▶ Recorded data:
———

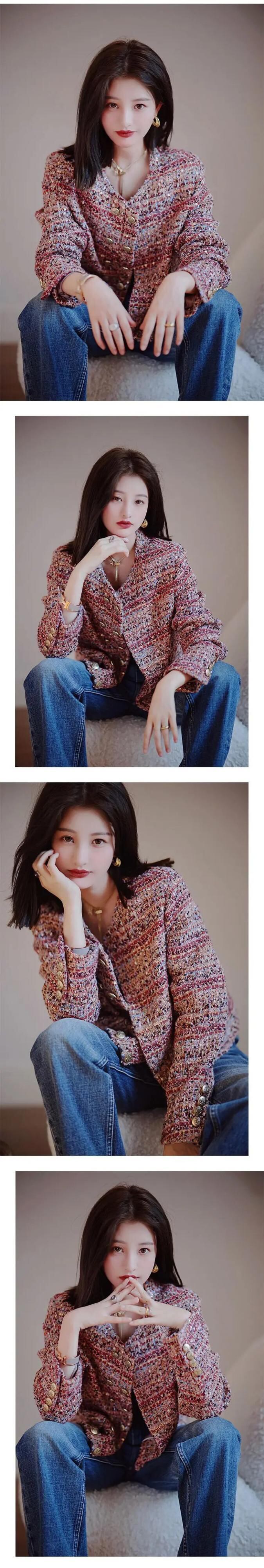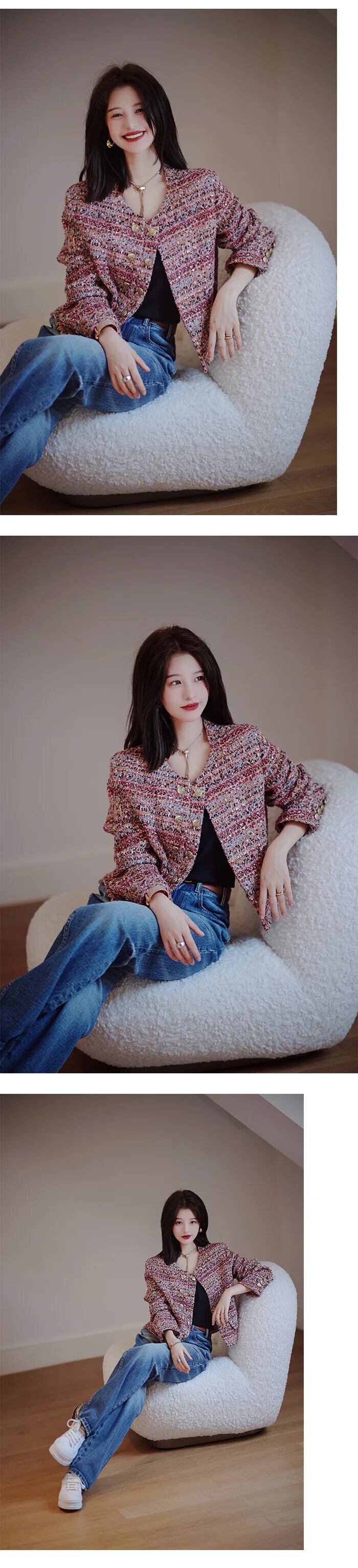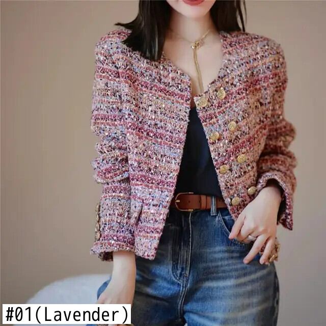 レディース ツイード ジャケット ルーズ 長袖 万能 アウター コート ロング
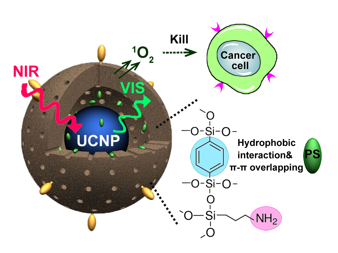 随着生物医学的发展,肿瘤诊断与治疗的多功能结合(简称诊疗)已成为新趋势。为了实现精确诊断和高效治疗,诊疗剂往往需兼具肿瘤靶向性、多模成像和治疗等各种功能。上转换纳米材料在近红外光照射下发出可见光,可应用于生物成像,又能够激发其负载的光敏剂产生单线态氧进行光动力治疗,因此在发展非侵入性诊疗剂上具有重要应用前景。然而,目前此类上转换诊疗材料的光敏剂负载量低、易团聚猝灭,而且上转换纳米颗粒和光敏剂间的能量传递效率较低,这些问题已成为上转换纳米光敏剂在光动力学治疗的应用瓶颈。
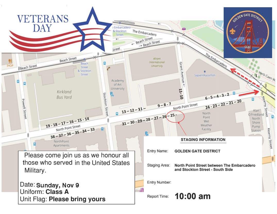 Location: Staging Area: North Point Street between the Embarcadero and STockton Street - Sout Side. See image below or PDF attachment for map and location.
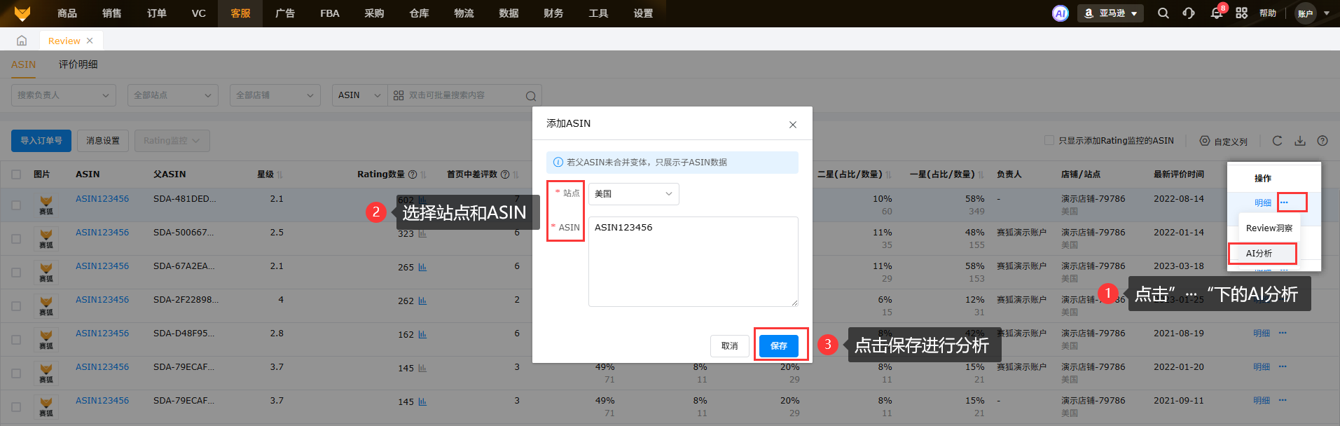 在ASIN维度,点击操作“...”-“AI分析”可以添加ASIN到Review分析页面,进行Review分析。

———

▶ Work instruction: The finished copy should match the data above word for word and contain no pictures.

▶ Output of the task:
 レディース ツイード ジャケット ルーズ 長袖 万能 アウター コート ロング
 随着生物医学的发展,肿瘤诊断与治疗的多功能结合(简称诊疗)已成为新趋势。为了实现精确诊断和高效治疗,诊疗剂往往需兼具肿瘤靶向性、多模成像和治疗等各种功能。上转换纳米材料在近红外光照射下发出可见光,可应用于生物成像,又能够激发其负载的光敏剂产生单线态氧进行光动力治疗,因此在发展非侵入性诊疗剂上具有重要应用前景。然而,目前此类上转换诊疗材料的光敏剂负载量低、易团聚猝灭,而且上转换纳米颗粒和光敏剂间的能量传递效率较低,这些问题已成为上转换纳米光敏剂在光动力学治疗的应用瓶颈。
 Location: Staging Area: North Point Street between the Embarcadero and STockton Street - Sout Side. See image below or PDF attachment for map and location.
 在ASIN维度,点击操作“...”-“AI分析”可以添加ASIN到Review分析页面,进行Review分析。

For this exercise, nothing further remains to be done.